This case study investigates the use of High Shear Melt Conditioning (HSMC) technology to increase degassing effectiveness and enhance the mechanical qualities of castings made of the A356 aluminum alloy (Lazaro-Nebreda et Al, 2021).
Currently, the most widely used technique for removing hydrogen from melts of aluminum alloy is rotary degassing. In this method, the degassing efficiency increases with the size of the purge gas bubble. However, in the traditional rotational degassing process, it is challenging to shrink the bubble size to less than 10mm in diameter. A smaller bubble size in the melt can be achieved by increasing the graphite rotor speed, but doing so results in melt flow turbulence and vortex creation near the melt's surface, which speeds up the absorption of hydrogen (re-gassing) from the atmosphere. It also increases the entrapment of dross in the melt, which lowers melt quality (Patel et Al, 2017)
During the traditional rotary degassing of aluminum melts, argon or nitrogen gas is injected into the melt through a hollow graphite rotor that rotates at a low speed (about 500 rpm) in order to distribute the bubbles throughout the melt's volume uniformly. Each bubble is divided into numerous smaller ones when the graphite rotor is replaced with the new rotor-stator type high shear device, increasing the total surface area of the bubbles in the melt and enhancing the efficiency of degassing. The size of the argon/ nitrogen bubbles is reduced to about 1 mm in diameter, and their number density is increased. At the same time, the stator's design minimizes disturbance of the melt surface, which increases the degassing efficiency (Patel et Al, 2017).
Microstructure of A6082 aluminum alloy cast at 700°C (a) without melt shearing and (b) with melt shearing (Patel et Al, 2017).
Due to the resulting porosity, dissolved hydrogen in aluminum alloys is detrimental to the mechanical properties of castings. High shear melt conditioning (HSMC) technique based on rotor/stator disperses each argon bubble into numerous small bubbles, increasing the total surface area of bubbles in the melt while causing the least amount of surface disruption possible, thereby increasing the degassing efficiency. This led to several processing advantages over the traditional rotary degassing method, including a decreased argon flow rate from 5 to 20 liters per minute, to 0.1 liters per minute, decreased degassing times from 30 minutes to a few minutes, and most importantly, a decreased residual hydrogen content from 0.15 cm3/100 g to 0.04 cm3/100 g (Patel et Al, 2017).

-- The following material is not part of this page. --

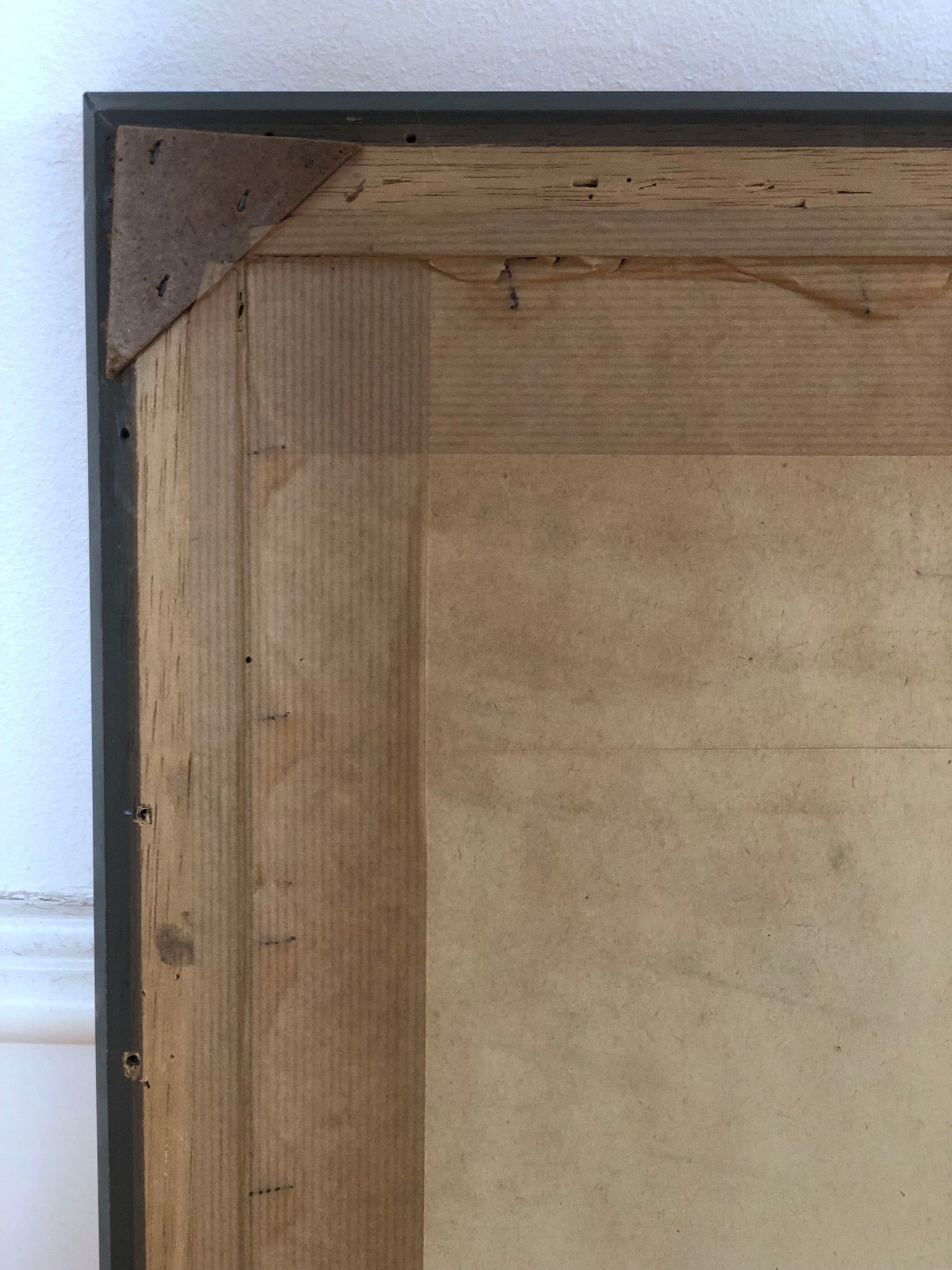 The painting was later framed in a late 20th century cream-colored wooden frame with a gold outer edge and inner detailing.
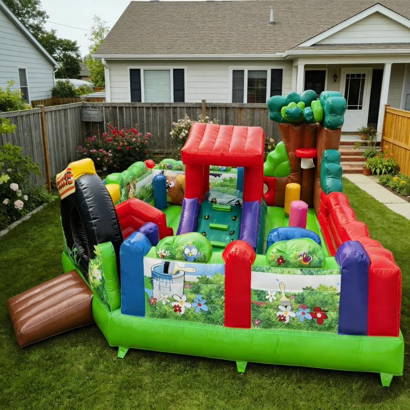 Castello Gonfiabile Commerciale Multigioco per Bambini con Scivolo e Tunnel per Noleggio Feste

Rotary degassing works well to remove hydrogen from melts but is ineffective in eliminating oxide bi-films. The HSMC degassing technology's ability to operate at greater speeds without generating surface turbulences allows it to efficiently remove both the hydrogen and the trapped oxide bi-films at the same time. This greatly raises melt quality and keeps it stable for a longer period of time after degassing. As a result, the rotational degassing procedure frequently followed by the addition of covering fluxes does not apply to the aluminum melt handled by the HSMC degassing technique. (Lazaro-Nebreda et Al, 2021).